What is needed is an exact copy of the entries, with the pictures excluded.

# Dataset records
■ ■ ■ ■ ■

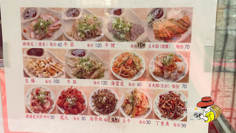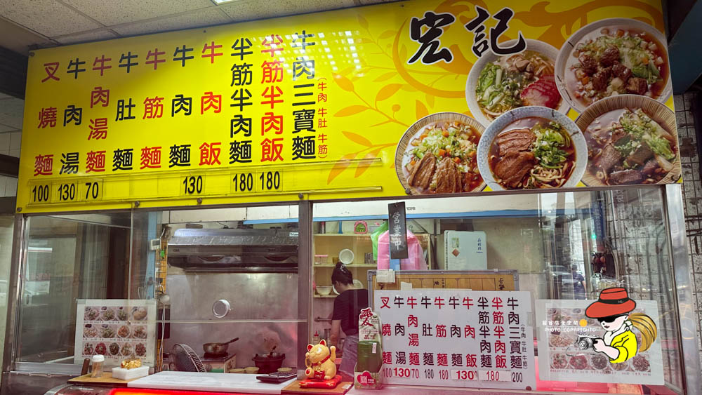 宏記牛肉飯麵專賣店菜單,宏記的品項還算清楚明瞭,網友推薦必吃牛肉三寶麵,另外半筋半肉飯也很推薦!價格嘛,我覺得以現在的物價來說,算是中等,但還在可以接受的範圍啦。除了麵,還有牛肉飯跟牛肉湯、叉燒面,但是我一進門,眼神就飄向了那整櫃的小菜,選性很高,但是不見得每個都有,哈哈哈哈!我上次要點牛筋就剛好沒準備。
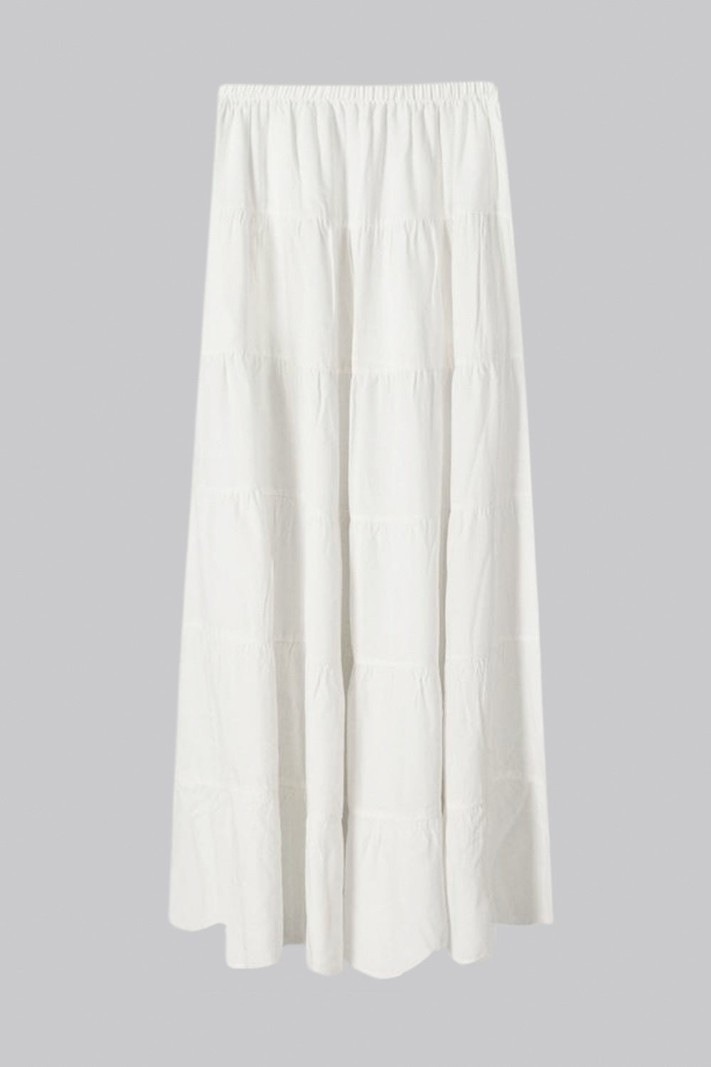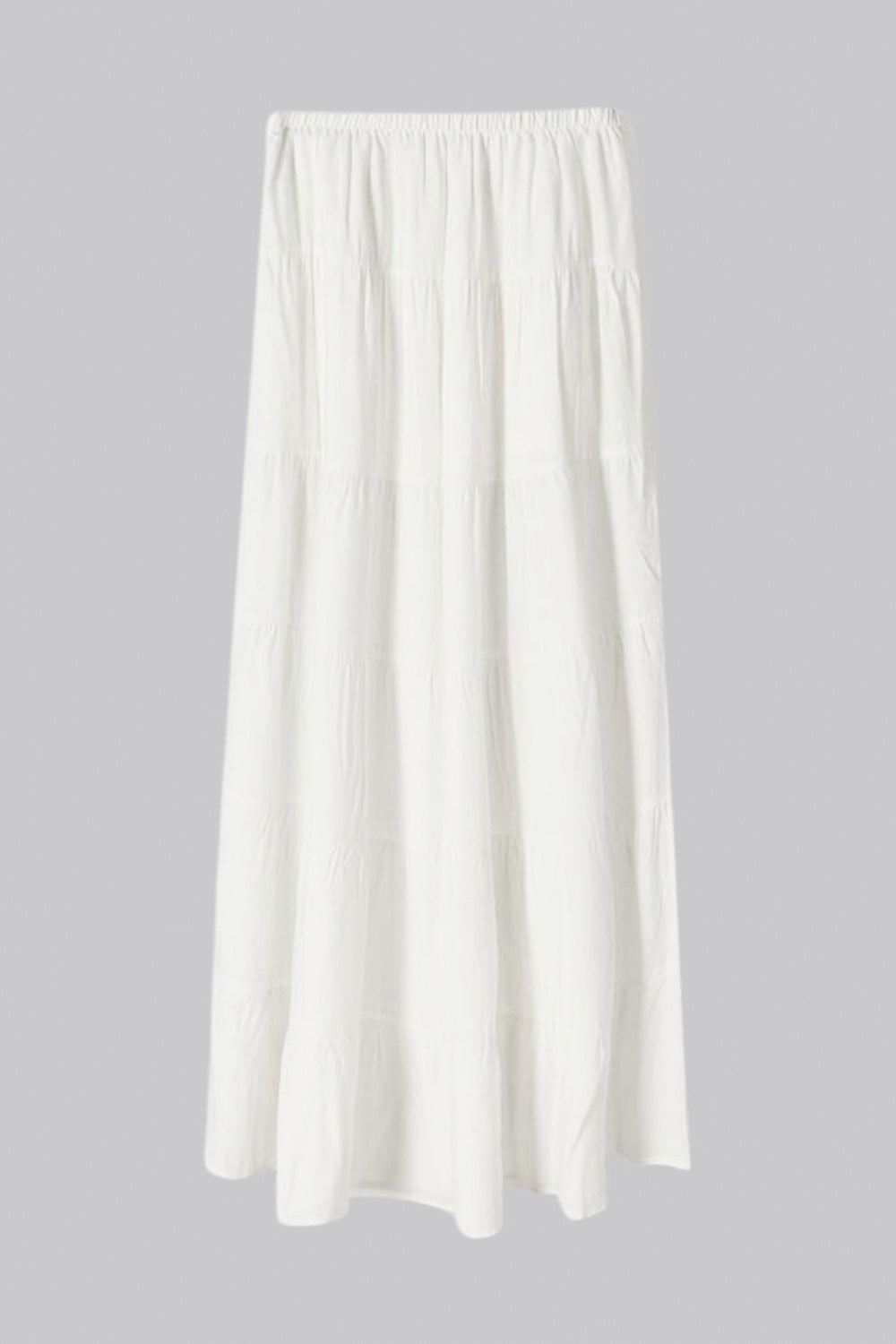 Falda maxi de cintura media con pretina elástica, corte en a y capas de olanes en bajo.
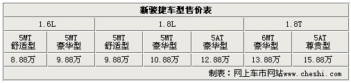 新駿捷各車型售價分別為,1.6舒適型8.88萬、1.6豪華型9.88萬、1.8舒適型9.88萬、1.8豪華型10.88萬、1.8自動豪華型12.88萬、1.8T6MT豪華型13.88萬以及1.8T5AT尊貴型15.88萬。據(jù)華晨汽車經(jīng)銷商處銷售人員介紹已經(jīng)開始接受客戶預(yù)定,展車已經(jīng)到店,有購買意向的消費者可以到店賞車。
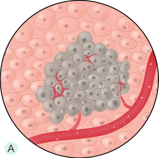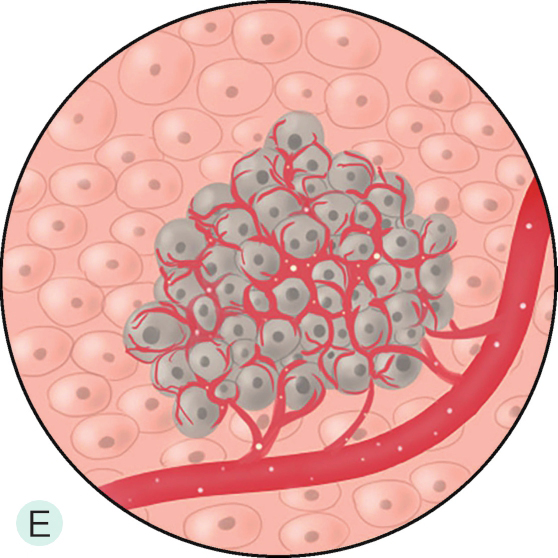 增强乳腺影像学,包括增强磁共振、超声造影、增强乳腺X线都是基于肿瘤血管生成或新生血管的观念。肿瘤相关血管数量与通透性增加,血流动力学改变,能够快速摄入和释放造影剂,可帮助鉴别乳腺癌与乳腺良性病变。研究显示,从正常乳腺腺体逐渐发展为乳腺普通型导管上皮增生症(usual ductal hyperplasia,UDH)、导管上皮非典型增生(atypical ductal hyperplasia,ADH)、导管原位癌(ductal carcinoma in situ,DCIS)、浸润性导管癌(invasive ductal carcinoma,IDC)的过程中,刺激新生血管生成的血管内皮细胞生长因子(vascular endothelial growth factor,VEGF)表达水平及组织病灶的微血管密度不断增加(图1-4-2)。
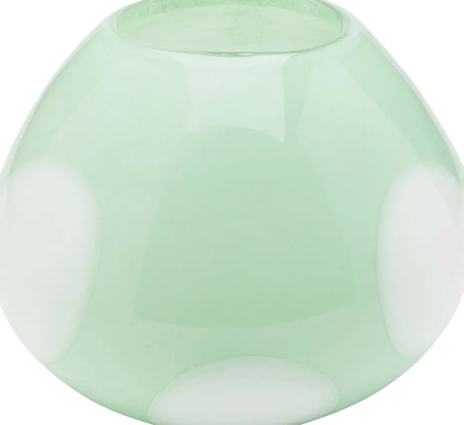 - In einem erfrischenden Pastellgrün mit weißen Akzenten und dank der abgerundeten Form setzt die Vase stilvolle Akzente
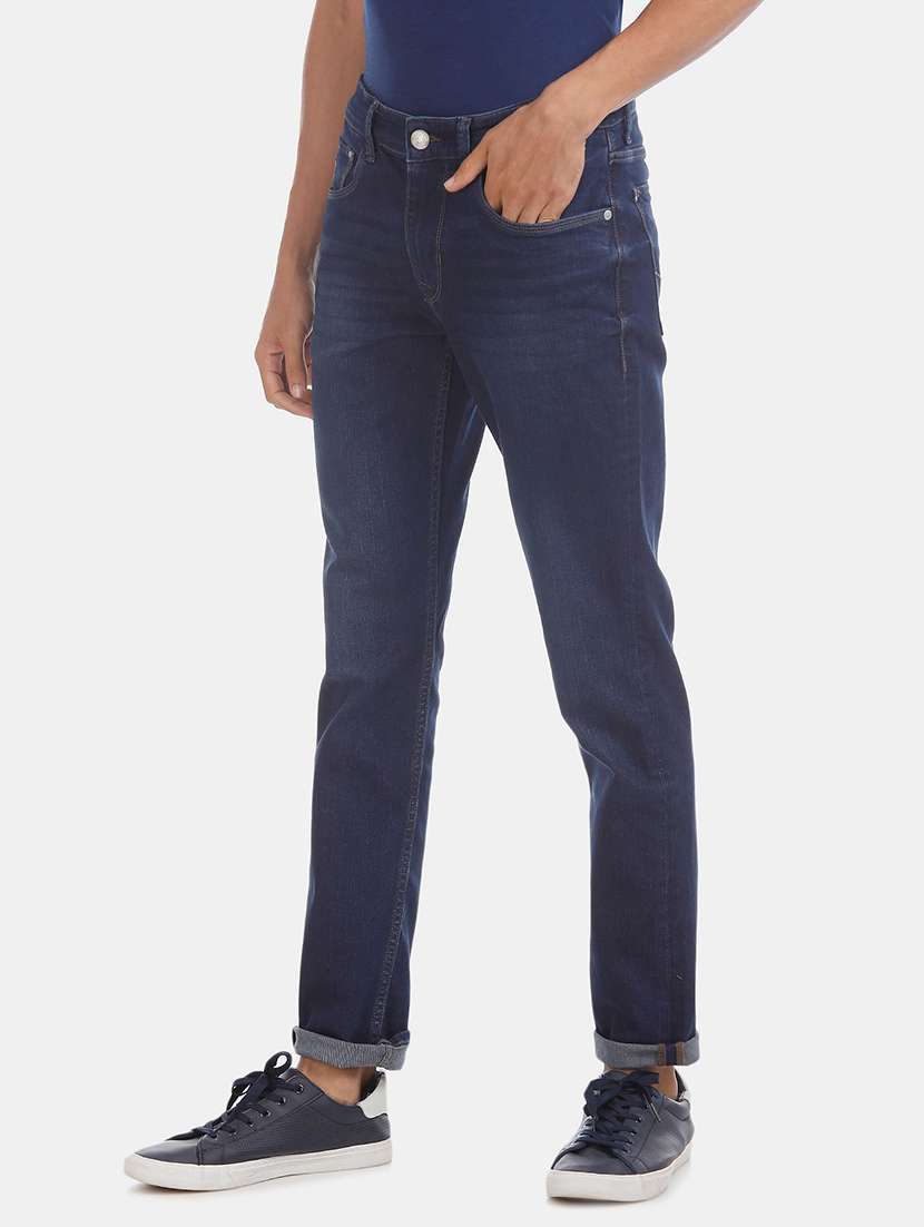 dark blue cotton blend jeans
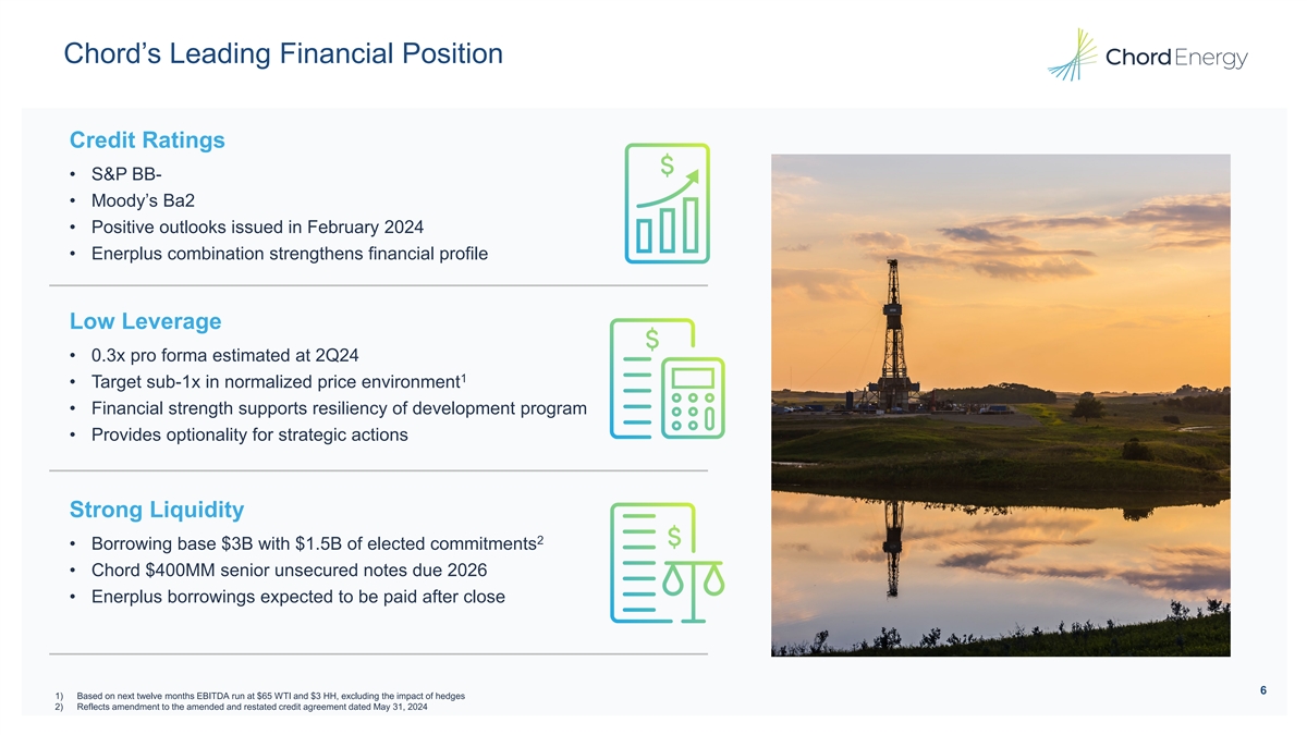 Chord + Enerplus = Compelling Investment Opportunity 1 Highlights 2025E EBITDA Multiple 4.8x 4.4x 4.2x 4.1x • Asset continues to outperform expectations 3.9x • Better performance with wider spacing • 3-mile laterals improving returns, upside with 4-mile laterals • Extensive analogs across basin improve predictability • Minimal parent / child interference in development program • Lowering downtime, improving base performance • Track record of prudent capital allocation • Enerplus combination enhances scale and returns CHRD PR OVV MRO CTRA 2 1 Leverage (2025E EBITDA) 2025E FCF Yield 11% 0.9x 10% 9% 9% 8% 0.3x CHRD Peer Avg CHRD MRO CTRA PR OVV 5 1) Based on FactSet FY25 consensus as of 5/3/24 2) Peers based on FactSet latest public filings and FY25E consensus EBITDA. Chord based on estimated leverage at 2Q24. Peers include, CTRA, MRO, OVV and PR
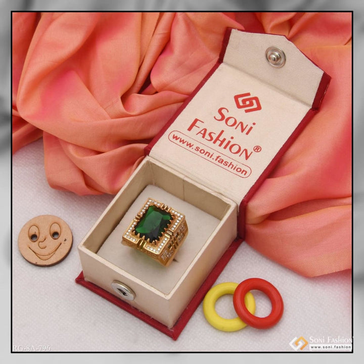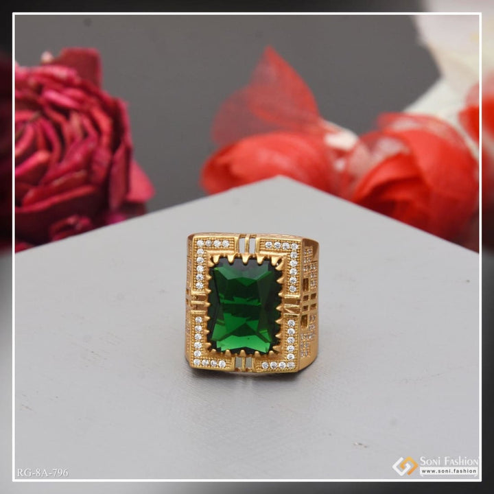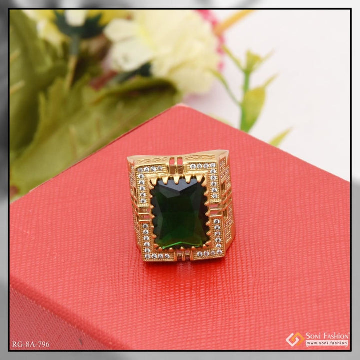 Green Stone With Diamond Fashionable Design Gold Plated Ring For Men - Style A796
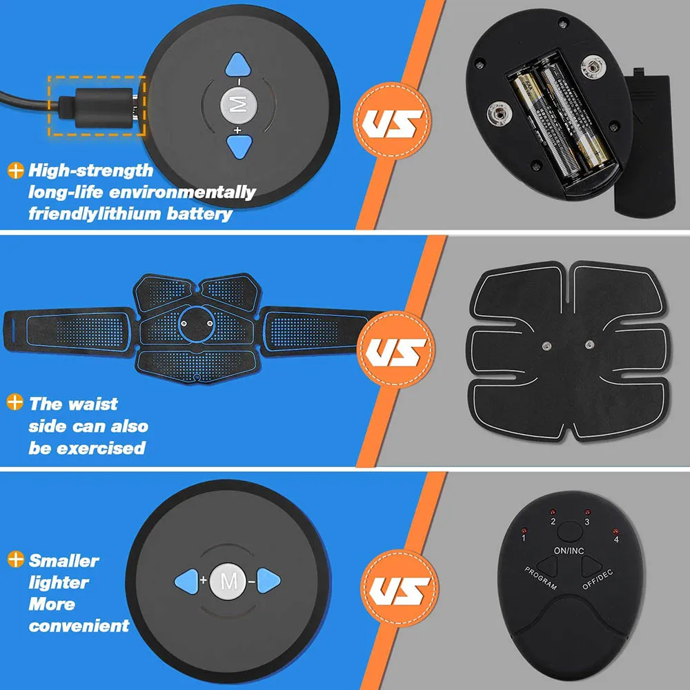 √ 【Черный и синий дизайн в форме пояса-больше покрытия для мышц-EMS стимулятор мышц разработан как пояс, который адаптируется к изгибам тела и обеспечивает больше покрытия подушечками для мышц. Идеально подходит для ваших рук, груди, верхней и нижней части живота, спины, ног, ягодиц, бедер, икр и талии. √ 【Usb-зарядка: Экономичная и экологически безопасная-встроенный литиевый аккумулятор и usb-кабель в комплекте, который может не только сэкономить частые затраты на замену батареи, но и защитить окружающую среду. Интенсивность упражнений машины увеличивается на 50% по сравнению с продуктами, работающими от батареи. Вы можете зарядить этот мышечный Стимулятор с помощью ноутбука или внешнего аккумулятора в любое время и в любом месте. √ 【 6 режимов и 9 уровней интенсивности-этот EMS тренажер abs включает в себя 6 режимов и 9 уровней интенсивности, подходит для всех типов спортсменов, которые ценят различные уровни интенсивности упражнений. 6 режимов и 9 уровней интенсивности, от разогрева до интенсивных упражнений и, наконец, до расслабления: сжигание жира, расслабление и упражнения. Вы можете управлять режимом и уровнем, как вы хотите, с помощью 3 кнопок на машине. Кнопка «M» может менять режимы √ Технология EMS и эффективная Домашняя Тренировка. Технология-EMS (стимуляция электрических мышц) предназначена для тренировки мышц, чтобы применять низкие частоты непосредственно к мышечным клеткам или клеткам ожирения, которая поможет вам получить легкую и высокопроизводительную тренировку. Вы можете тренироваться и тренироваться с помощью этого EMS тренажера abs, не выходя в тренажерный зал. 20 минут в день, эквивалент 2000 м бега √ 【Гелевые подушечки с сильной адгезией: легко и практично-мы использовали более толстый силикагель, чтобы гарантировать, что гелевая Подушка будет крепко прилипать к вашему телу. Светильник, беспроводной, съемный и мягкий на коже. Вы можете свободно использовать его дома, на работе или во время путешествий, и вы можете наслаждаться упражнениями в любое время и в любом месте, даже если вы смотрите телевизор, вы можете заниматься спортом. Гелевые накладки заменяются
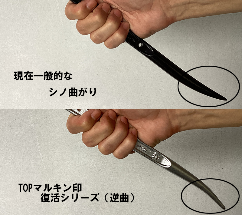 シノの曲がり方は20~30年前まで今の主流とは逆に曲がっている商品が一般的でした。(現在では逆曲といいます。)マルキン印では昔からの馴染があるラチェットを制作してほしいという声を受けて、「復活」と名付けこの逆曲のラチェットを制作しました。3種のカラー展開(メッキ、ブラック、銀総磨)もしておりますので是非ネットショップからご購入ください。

■ ■ ■ ■ ■

# Solution to the problem
 宏記牛肉飯麵專賣店菜單,宏記的品項還算清楚明瞭,網友推薦必吃牛肉三寶麵,另外半筋半肉飯也很推薦!價格嘛,我覺得以現在的物價來說,算是中等,但還在可以接受的範圍啦。除了麵,還有牛肉飯跟牛肉湯、叉燒面,但是我一進門,眼神就飄向了那整櫃的小菜,選性很高,但是不見得每個都有,哈哈哈哈!我上次要點牛筋就剛好沒準備。
 Falda maxi de cintura media con pretina elástica, corte en a y capas de olanes en bajo.
 新駿捷各車型售價分別為,1.6舒適型8.88萬、1.6豪華型9.88萬、1.8舒適型9.88萬、1.8豪華型10.88萬、1.8自動豪華型12.88萬、1.8T6MT豪華型13.88萬以及1.8T5AT尊貴型15.88萬。據(jù)華晨汽車經(jīng)銷商處銷售人員介紹已經(jīng)開始接受客戶預(yù)定,展車已經(jīng)到店,有購買意向的消費者可以到店賞車。
 增强乳腺影像学,包括增强磁共振、超声造影、增强乳腺X线都是基于肿瘤血管生成或新生血管的观念。肿瘤相关血管数量与通透性增加,血流动力学改变,能够快速摄入和释放造影剂,可帮助鉴别乳腺癌与乳腺良性病变。研究显示,从正常乳腺腺体逐渐发展为乳腺普通型导管上皮增生症(usual ductal hyperplasia,UDH)、导管上皮非典型增生(atypical ductal hyperplasia,ADH)、导管原位癌(ductal carcinoma in situ,DCIS)、浸润性导管癌(invasive ductal carcinoma,IDC)的过程中,刺激新生血管生成的血管内皮细胞生长因子(vascular endothelial growth factor,VEGF)表达水平及组织病灶的微血管密度不断增加(图1-4-2)。
 - In einem erfrischenden Pastellgrün mit weißen Akzenten und dank der abgerundeten Form setzt die Vase stilvolle Akzente
 dark blue cotton blend jeans
 Chord + Enerplus = Compelling Investment Opportunity 1 Highlights 2025E EBITDA Multiple 4.8x 4.4x 4.2x 4.1x • Asset continues to outperform expectations 3.9x • Better performance with wider spacing • 3-mile laterals improving returns, upside with 4-mile laterals • Extensive analogs across basin improve predictability • Minimal parent / child interference in development program • Lowering downtime, improving base performance • Track record of prudent capital allocation • Enerplus combination enhances scale and returns CHRD PR OVV MRO CTRA 2 1 Leverage (2025E EBITDA) 2025E FCF Yield 11% 0.9x 10% 9% 9% 8% 0.3x CHRD Peer Avg CHRD MRO CTRA PR OVV 5 1) Based on FactSet FY25 consensus as of 5/3/24 2) Peers based on FactSet latest public filings and FY25E consensus EBITDA. Chord based on estimated leverage at 2Q24. Peers include, CTRA, MRO, OVV and PR
 Green Stone With Diamond Fashionable Design Gold Plated Ring For Men - Style A796
 √ 【Черный и синий дизайн в форме пояса-больше покрытия для мышц-EMS стимулятор мышц разработан как пояс, который адаптируется к изгибам тела и обеспечивает больше покрытия подушечками для мышц. Идеально подходит для ваших рук, груди, верхней и нижней части живота, спины, ног, ягодиц, бедер, икр и талии. √ 【Usb-зарядка: Экономичная и экологически безопасная-встроенный литиевый аккумулятор и usb-кабель в комплекте, который может не только сэкономить частые затраты на замену батареи, но и защитить окружающую среду. Интенсивность упражнений машины увеличивается на 50% по сравнению с продуктами, работающими от батареи. Вы можете зарядить этот мышечный Стимулятор с помощью ноутбука или внешнего аккумулятора в любое время и в любом месте. √ 【 6 режимов и 9 уровней интенсивности-этот EMS тренажер abs включает в себя 6 режимов и 9 уровней интенсивности, подходит для всех типов спортсменов, которые ценят различные уровни интенсивности упражнений. 6 режимов и 9 уровней интенсивности, от разогрева до интенсивных упражнений и, наконец, до расслабления: сжигание жира, расслабление и упражнения. Вы можете управлять режимом и уровнем, как вы хотите, с помощью 3 кнопок на машине. Кнопка «M» может менять режимы √ Технология EMS и эффективная Домашняя Тренировка. Технология-EMS (стимуляция электрических мышц) предназначена для тренировки мышц, чтобы применять низкие частоты непосредственно к мышечным клеткам или клеткам ожирения, которая поможет вам получить легкую и высокопроизводительную тренировку. Вы можете тренироваться и тренироваться с помощью этого EMS тренажера abs, не выходя в тренажерный зал. 20 минут в день, эквивалент 2000 м бега √ 【Гелевые подушечки с сильной адгезией: легко и практично-мы использовали более толстый силикагель, чтобы гарантировать, что гелевая Подушка будет крепко прилипать к вашему телу. Светильник, беспроводной, съемный и мягкий на коже. Вы можете свободно использовать его дома, на работе или во время путешествий, и вы можете наслаждаться упражнениями в любое время и в любом месте, даже если вы смотрите телевизор, вы можете заниматься спортом. Гелевые накладки заменяются
 シノの曲がり方は20~30年前まで今の主流とは逆に曲がっている商品が一般的でした。(現在では逆曲といいます。)マルキン印では昔からの馴染があるラチェットを制作してほしいという声を受けて、「復活」と名付けこの逆曲のラチェットを制作しました。3種のカラー展開(メッキ、ブラック、銀総磨)もしておりますので是非ネットショップからご購入ください。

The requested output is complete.